--- vrrpd-1.0.orig/README
+++ vrrpd-1.0/README
@@ -0,0 +1,70 @@
+vrrpd version 1.0 2002/02/05
+============================
+
+The Monitored Interface extensions to vrrpd were originally
+implemented to provide support for failover between a pair
+of state-synchronised Checkpoint Firewall-1 modules. These
+servers were HP LT6000r machines with two quad ethernet
+NICs each and Red Hat Linux 7.0 (2.2 kernel required by
+Firewall-1 v4.1 SP5).
+
+Full credit to David Moore of Hewlett-Packard (NZ) Ltd
+for initiating the project that made this necessary.
+
+Anyway, an example command line for a primary server is;
+
+  vrrpd -i eth0 -v 10 -p 200 -m "eth1 eth2 eth3" -c 100
+
+This specifies eth0 as the interface to run the VRRP process
+on, a VRID of 10, a priority of 200, that interfaces eth1, eth2
+and eth3 are to be monitored for failure, and that if one of
+these interfaces does fail, the priority is to be reduced by 100.
+
+This allows the vrrpd process below (on the standby) to win;
+
+  vrrpd -i eth0 -v 10 -p 150
+
+as the master will advertise a priority of 100 while any of eth1-3
+are disconnected or administratively down. Note that there is
+little point in monitoring interfaces on the secondary UNLESS
+you are load balancing PAIRS of interfaces across different
+servers.
+
+This configuration has been tested as providing transparent
+failover for HP-UX systems as well as routers, with up to five
+vrrpd daemons running concurrently on separate interfaces.

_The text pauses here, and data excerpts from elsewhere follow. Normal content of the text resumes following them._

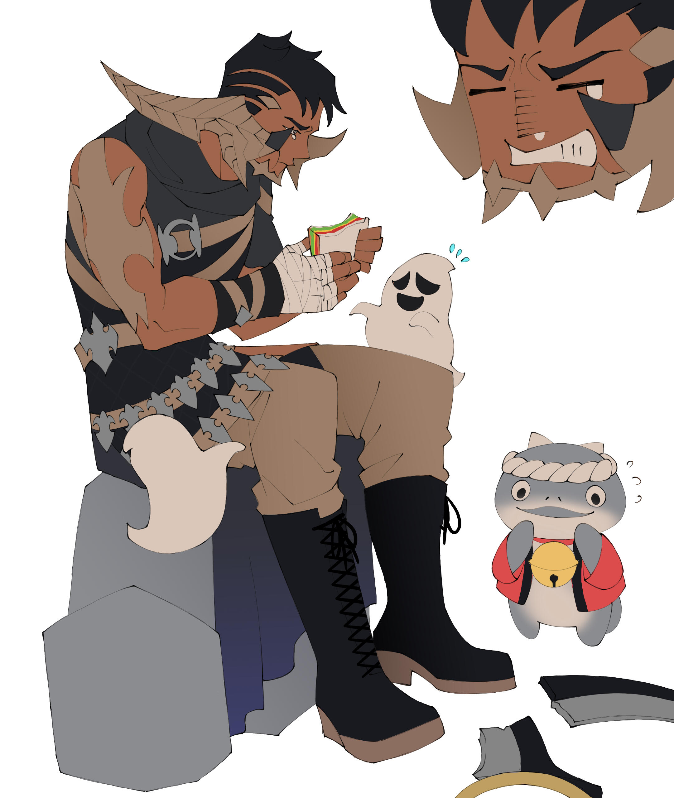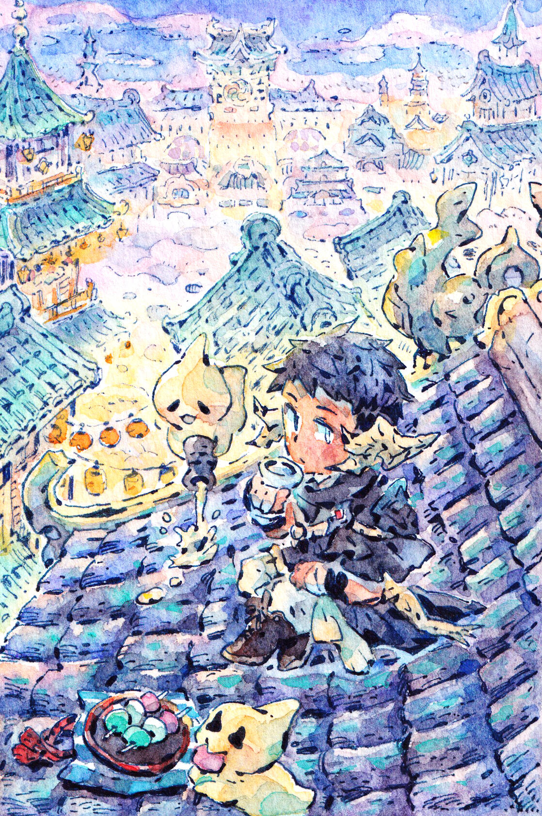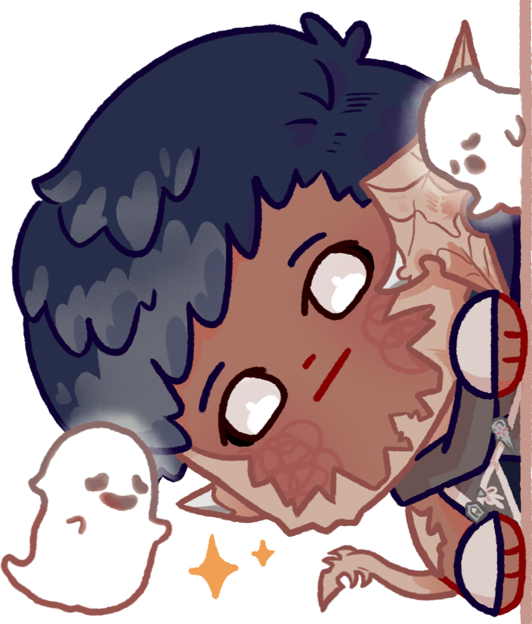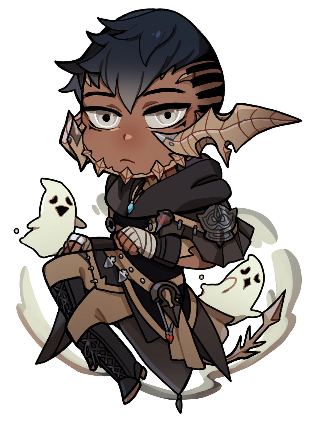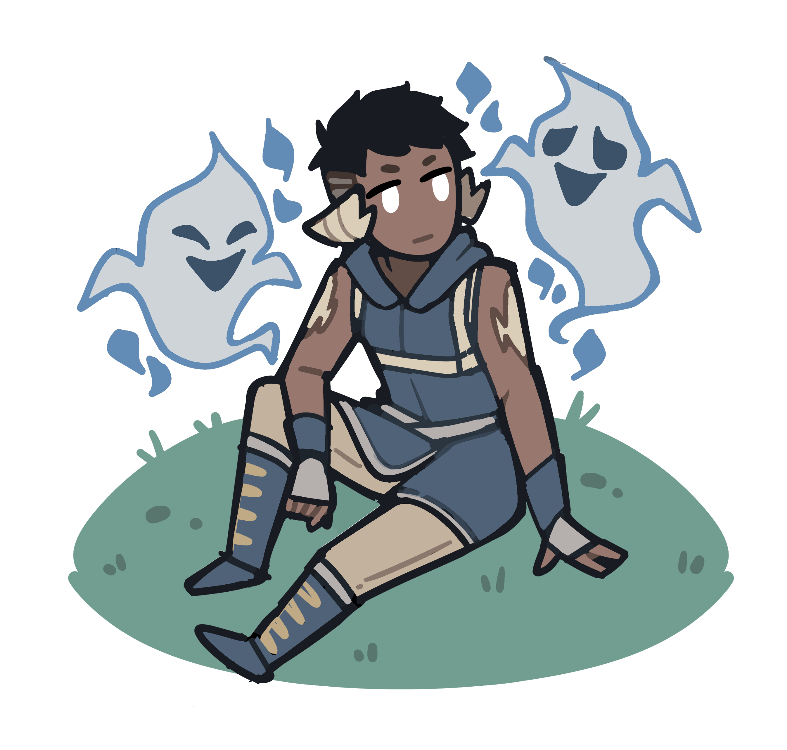 Mothanks to his eyes he can see spirits, so he makes two little friends who eventually become his traveling companions.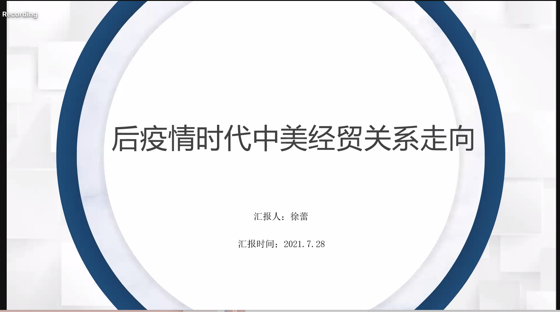 来自山东财经大学的徐蕾同学按照时间顺序对中美经贸关系进行了梳理,分析了中美双方目前面临的问题,从而对后疫情时代中美双边经贸关系的走向进行了探讨。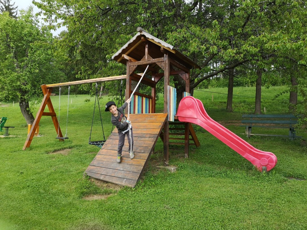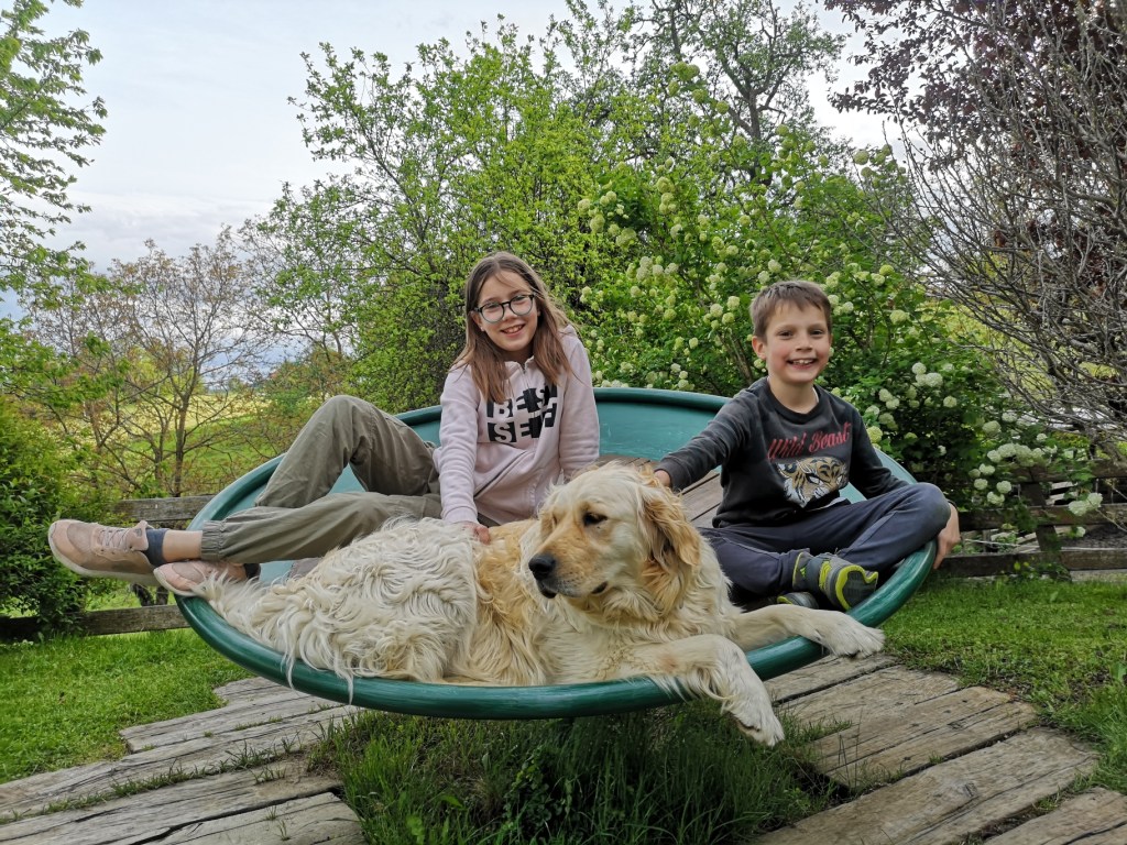 Kljub lepo opremljenim sobam, tam ne boste prav veliko, saj smo mi morali takoj ven, na vrt in na igrala. Že kmalu po prihodu smo se zaljubili v izjemno prijazno psičko Luno, ki bi jo naša tamalčka najraje odpeljala kar domov.

+Each vrrpd process was monitoring the other four interfaces,
+and was using the multicast VRRP MAC address so that arp
+caching was not an issue. Intel 82559-based cards (eepro100
+driver) were used.
+
+During a failure (ie: ifconfig ethX down, pull cable out, turn
+switch off, etc.) there is a 3x advertisement delay while the
+VRRP election takes place. At the default advertisment interval
+(1 sec), this was not long enough to cause TCP streams to break.
+
+Interfaces are monitored in two different ways. The IFF_UP flag
+is checked to detect an administrative shutdown, and the link
+status bits of the MII transceiver status word are checked to
+detect a failed cable, switch or port. This should work with
+most Fast Ethernet drivers, but not with 10Mbps-only cards.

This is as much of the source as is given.